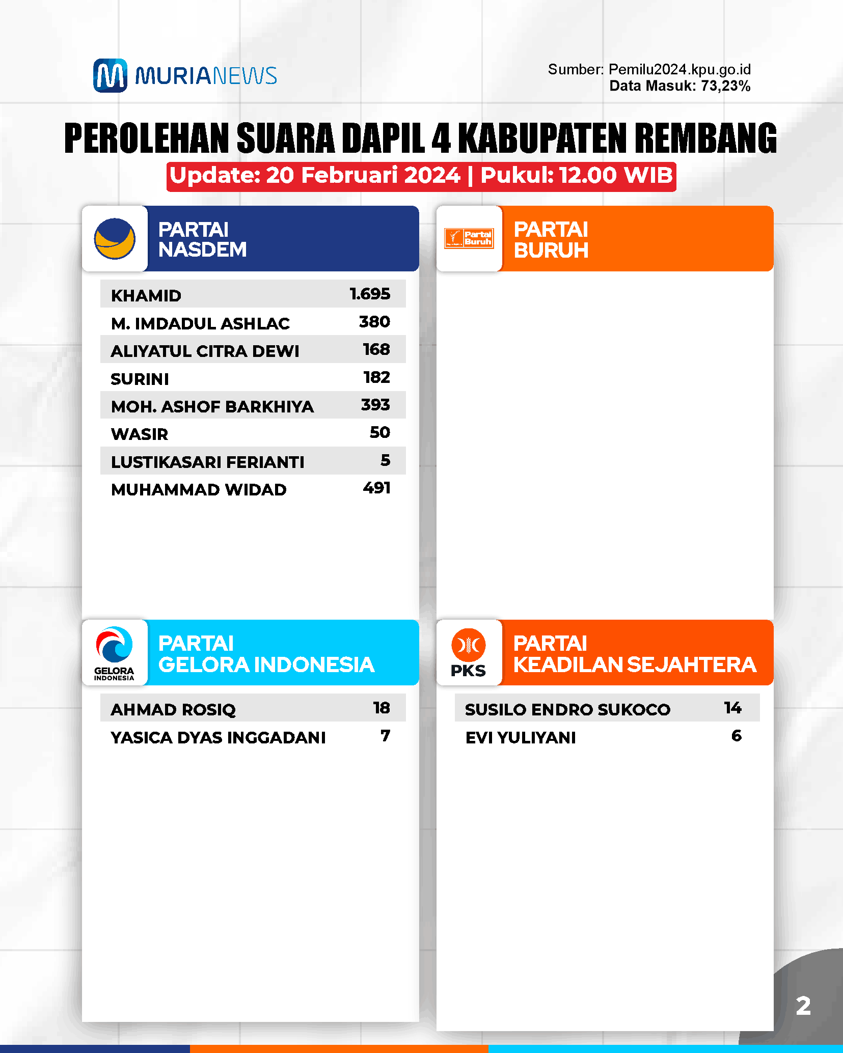 Update Suara Pileg DPRD Rembang Dapil 4 Tanggal 20 Februari
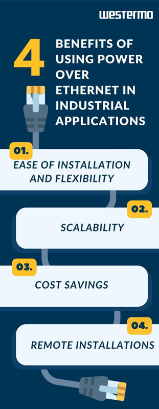In an industrial application, PoE has many benefits, including:
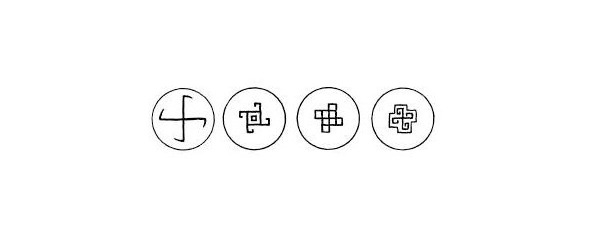 Такая форма свастики, с концами, изгибающимися в виде меандра, была придана также и металлической пряжке 1220—1260 г., найденной на Тихвинском раскопе Новгорода (табл. 10). Надо отметить, что эта необычная и достаточно сложная форма доходит без изменений до 1910-х., когда вологодская крестьянка Ульяна Теребова, выполняя браную проставку для свадебного полотенца своей дочери (табл. 10), орнаментировала её именно такими меандровыми крестами. Традиционными для андроновской керамики 17—9 века до н.э., средневекового русского лицевого шитья, вологодских вышивок, кружева, ткачества конца 19-начала 20 века «гуськами» украшены костяные гребни 9—10 века, найденные в курганах Суздальского Ополья и в нижних слоях Старой Ладоги. Знаком свастики отмечено глиняное пряслице из поселения 7—8 века н. э. на реке Тясмин, принадлежащего древнему славянскому племени уличей (табл. 9).
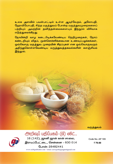 நோயின்றி வாழ கடைபிடிக்கவேண்டிய நெறிமுறைகள், நோய் கண்டறியும் விதம், முன்னெச்சரிக்கையான உணவுப்பழக்கங்கள். ஒவ்வொரு மருத்துவ முறையின் சிறப்புகள் என ஒவ்வொருவரும் அறிந்துகொள்ளவேண்டிய மருத்துவத்தகவல்களின் களஞ்சியம்.
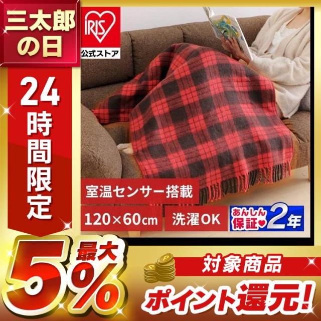 電気毛布 電気ひざ掛け 60×120cm 膝掛け ブランケット 大判 大きめ 掛け敷き 電気敷毛布 かけしき 掛け毛布 電気 季節家電 あったか 秋冬 かわいい おしゃれ 人気 チェック柄 KEBK-1206-ZR アイリスオーヤマ 送料無料 安心延長保証対象
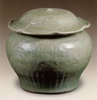 说 明: 此罐施满青绿色釉.胎体厚重.纹饰划刻生动,枝叶缠绕,莲花盛开.

┄┄┄┄┄┄

Copy back exactly the lines above from the one containing "In an industrial" through the one containing "நோயின்றி வாழ கடைபிடிக்கவேண்டிய", and leave every picture behind.

In an industrial application, PoE has many benefits, including:
 Такая форма свастики, с концами, изгибающимися в виде меандра, была придана также и металлической пряжке 1220—1260 г., найденной на Тихвинском раскопе Новгорода (табл. 10). Надо отметить, что эта необычная и достаточно сложная форма доходит без изменений до 1910-х., когда вологодская крестьянка Ульяна Теребова, выполняя браную проставку для свадебного полотенца своей дочери (табл. 10), орнаментировала её именно такими меандровыми крестами. Традиционными для андроновской керамики 17—9 века до н.э., средневекового русского лицевого шитья, вологодских вышивок, кружева, ткачества конца 19-начала 20 века «гуськами» украшены костяные гребни 9—10 века, найденные в курганах Суздальского Ополья и в нижних слоях Старой Ладоги. Знаком свастики отмечено глиняное пряслице из поселения 7—8 века н. э. на реке Тясмин, принадлежащего древнему славянскому племени уличей (табл. 9).
 நோயின்றி வாழ கடைபிடிக்கவேண்டிய நெறிமுறைகள், நோய் கண்டறியும் விதம், முன்னெச்சரிக்கையான உணவுப்பழக்கங்கள். ஒவ்வொரு மருத்துவ முறையின் சிறப்புகள் என ஒவ்வொருவரும் அறிந்துகொள்ளவேண்டிய மருத்துவத்தகவல்களின் களஞ்சியம்.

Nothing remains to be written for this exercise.